:: DATA SHOWN
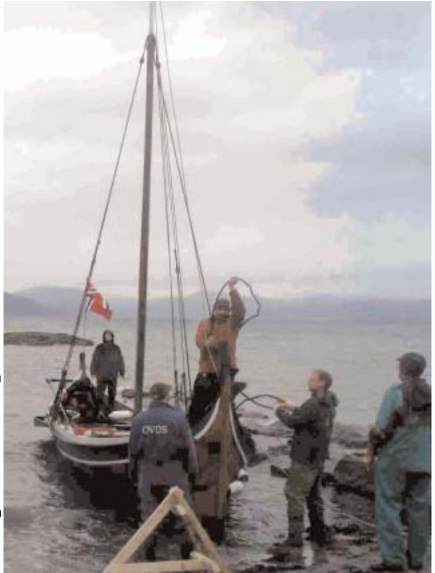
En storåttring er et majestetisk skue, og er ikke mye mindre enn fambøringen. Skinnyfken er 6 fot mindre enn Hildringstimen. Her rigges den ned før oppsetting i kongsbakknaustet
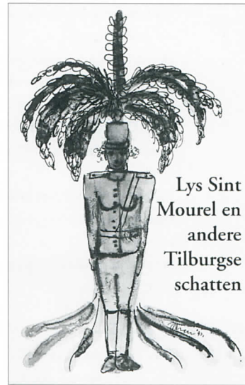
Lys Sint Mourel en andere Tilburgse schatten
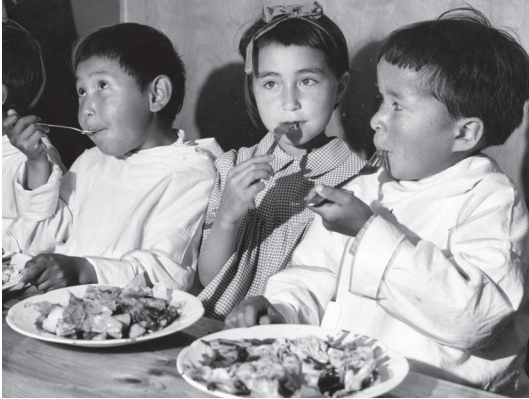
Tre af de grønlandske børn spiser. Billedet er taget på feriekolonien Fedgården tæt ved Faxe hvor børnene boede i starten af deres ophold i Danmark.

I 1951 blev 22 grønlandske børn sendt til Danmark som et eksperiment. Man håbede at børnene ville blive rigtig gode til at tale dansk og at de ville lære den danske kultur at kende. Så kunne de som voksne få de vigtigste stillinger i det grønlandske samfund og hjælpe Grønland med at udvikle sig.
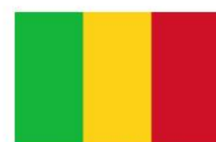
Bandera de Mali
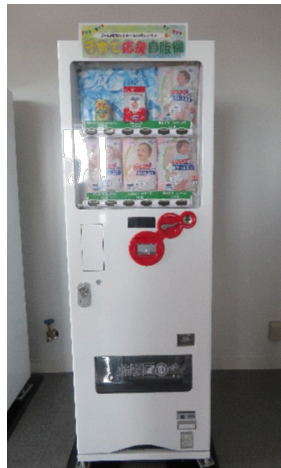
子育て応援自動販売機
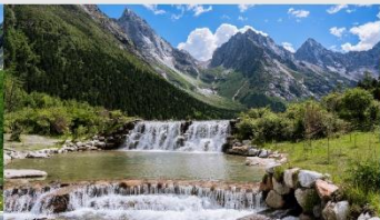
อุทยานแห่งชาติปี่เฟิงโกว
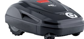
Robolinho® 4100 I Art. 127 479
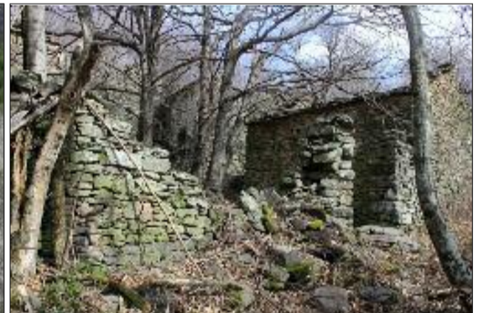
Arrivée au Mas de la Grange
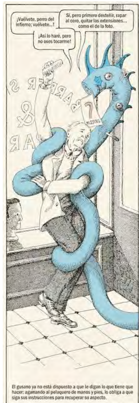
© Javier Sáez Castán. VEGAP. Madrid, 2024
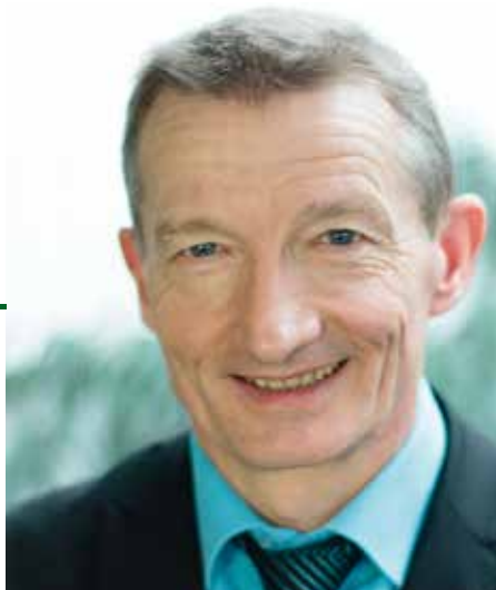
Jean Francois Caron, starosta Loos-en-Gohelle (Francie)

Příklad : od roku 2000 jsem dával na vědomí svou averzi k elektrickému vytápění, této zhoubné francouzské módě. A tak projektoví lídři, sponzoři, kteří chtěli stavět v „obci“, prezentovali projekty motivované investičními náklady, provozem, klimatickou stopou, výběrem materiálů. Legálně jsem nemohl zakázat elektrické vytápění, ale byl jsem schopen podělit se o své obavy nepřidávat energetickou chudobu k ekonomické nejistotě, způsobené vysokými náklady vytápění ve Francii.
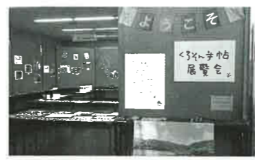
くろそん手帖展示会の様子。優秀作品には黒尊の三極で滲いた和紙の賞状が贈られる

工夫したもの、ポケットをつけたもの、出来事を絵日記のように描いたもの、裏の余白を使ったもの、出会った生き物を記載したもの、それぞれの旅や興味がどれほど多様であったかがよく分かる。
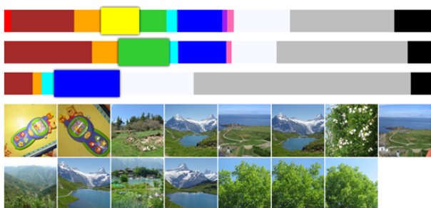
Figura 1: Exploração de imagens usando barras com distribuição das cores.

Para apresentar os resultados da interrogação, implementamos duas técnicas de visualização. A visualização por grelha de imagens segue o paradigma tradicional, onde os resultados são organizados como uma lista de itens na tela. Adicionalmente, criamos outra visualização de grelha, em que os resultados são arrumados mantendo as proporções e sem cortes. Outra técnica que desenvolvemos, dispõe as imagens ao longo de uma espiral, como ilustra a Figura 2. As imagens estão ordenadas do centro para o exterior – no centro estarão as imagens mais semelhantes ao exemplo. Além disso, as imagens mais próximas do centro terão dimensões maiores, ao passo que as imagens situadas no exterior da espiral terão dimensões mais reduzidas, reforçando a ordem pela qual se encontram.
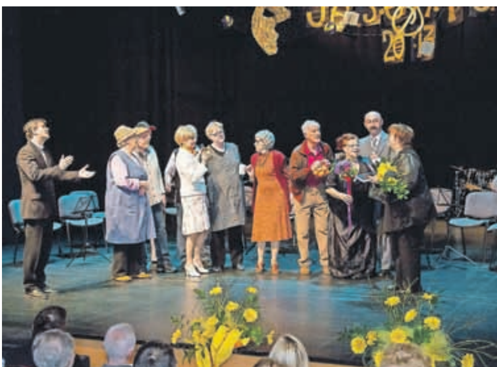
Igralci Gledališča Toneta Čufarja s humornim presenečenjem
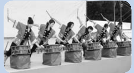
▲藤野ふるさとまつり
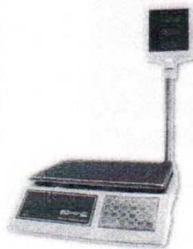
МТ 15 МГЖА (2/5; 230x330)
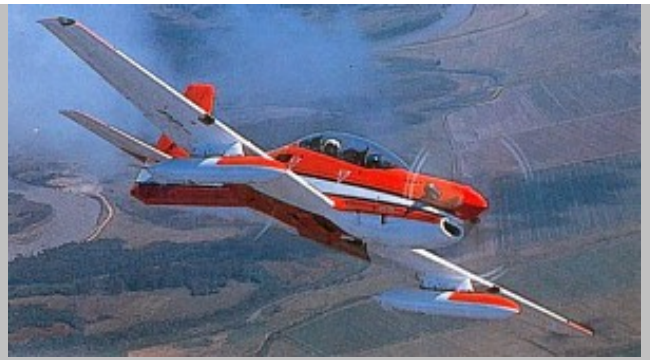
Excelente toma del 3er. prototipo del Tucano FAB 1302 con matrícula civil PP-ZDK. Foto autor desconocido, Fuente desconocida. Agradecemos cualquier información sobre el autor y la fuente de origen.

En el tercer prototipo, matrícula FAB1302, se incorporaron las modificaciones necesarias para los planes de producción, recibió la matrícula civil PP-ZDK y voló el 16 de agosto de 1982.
::::
:: DATA SHOWN
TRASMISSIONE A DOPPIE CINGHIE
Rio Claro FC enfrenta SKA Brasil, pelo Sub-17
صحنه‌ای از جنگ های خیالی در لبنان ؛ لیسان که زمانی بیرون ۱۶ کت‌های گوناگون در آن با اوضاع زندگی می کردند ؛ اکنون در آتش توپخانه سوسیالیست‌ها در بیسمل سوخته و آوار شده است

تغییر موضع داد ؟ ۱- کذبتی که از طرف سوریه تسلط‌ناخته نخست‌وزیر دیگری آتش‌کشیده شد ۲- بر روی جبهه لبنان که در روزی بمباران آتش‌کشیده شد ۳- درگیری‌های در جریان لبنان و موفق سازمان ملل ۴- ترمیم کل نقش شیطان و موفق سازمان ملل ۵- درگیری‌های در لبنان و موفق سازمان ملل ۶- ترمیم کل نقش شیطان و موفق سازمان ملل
::::
## TASK
Go to the line above that has "工夫したもの、ポケットをつけ" and copy exactly from there down to the line that has "Figura 1: Exploração", both included. Leave the pictures out.

## THE COMPLETED TASK
工夫したもの、ポケットをつけたもの、出来事を絵日記のように描いたもの、裏の余白を使ったもの、出会った生き物を記載したもの、それぞれの旅や興味がどれほど多様であったかがよく分かる。
Figura 1: Exploração de imagens usando barras com distribuição das cores.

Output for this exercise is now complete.